Мы идем туда, где заканчиваются дома и течение гонит встречные волны, и они, сталкиваясь с откатывающейся волной, взлетают веером брызг, словно гейзеры. Мы смотрим на волны, затем Скотти говорит:
— Жаль, что с нами нет мамы.
Я думаю о том же. Наверное, это и есть любовь, думаю я, когда видишь что-то интересное и хочешь, чтобы рядом с тобой находился любимый человек. Я каждый день старался запомнить все анекдоты, занятные истории и сплетни, даже репетировал, чтобы вечером в спальне рассказать их Джоани.

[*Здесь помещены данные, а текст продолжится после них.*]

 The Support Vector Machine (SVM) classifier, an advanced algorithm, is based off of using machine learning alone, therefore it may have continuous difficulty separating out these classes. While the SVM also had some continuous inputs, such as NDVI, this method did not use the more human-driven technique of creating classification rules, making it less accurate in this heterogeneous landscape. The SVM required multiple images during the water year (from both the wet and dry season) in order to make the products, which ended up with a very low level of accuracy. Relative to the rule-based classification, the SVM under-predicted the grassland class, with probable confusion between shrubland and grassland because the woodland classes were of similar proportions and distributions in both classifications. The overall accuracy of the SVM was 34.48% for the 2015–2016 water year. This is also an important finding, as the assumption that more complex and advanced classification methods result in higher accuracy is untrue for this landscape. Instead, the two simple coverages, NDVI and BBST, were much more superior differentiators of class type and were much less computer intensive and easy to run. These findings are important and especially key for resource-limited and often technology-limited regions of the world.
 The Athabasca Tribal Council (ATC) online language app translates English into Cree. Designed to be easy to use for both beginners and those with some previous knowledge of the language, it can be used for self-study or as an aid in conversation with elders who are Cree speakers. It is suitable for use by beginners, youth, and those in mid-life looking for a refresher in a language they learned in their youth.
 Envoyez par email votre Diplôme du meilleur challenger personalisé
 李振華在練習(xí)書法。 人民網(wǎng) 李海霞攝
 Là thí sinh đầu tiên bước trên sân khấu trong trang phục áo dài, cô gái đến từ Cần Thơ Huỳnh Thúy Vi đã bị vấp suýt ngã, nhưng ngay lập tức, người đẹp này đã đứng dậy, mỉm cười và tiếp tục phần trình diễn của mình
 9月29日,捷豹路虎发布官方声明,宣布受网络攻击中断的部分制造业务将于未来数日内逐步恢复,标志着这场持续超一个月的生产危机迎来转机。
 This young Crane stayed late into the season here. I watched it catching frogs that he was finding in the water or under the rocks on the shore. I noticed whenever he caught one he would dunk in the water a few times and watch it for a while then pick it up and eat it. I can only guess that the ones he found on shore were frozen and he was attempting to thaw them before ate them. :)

Темнеет, и я начинаю опасаться, что мы его уже не найдем, что я уже ничего не смогу для нее сделать. Даже сейчас, разве не должны мы сидеть у ее постели, окаменев от горя? Как мы могли спокойно отправиться на прогулку? Я невольно думаю о том, что мы до сих лор не можем поверить в то, что случилось; мы так привыкли, что нас оберегают, что мы живем себе и горя не знаем. Мне совестно перед Скотти, потому что она до сих пор не понимает, что происходит с матерью.
— А мы будем плавать с акулами? — спрашивает Скотти. — Я читала в рекламе отеля: тебя сажают в клетку и погружают в воду, а потом начинают кидать приманку, и акулы приплывают и кружатся возле клетки, а ты на них смотришь. Будем?
— Однажды за твоей мамой гналась акула, — говорю я.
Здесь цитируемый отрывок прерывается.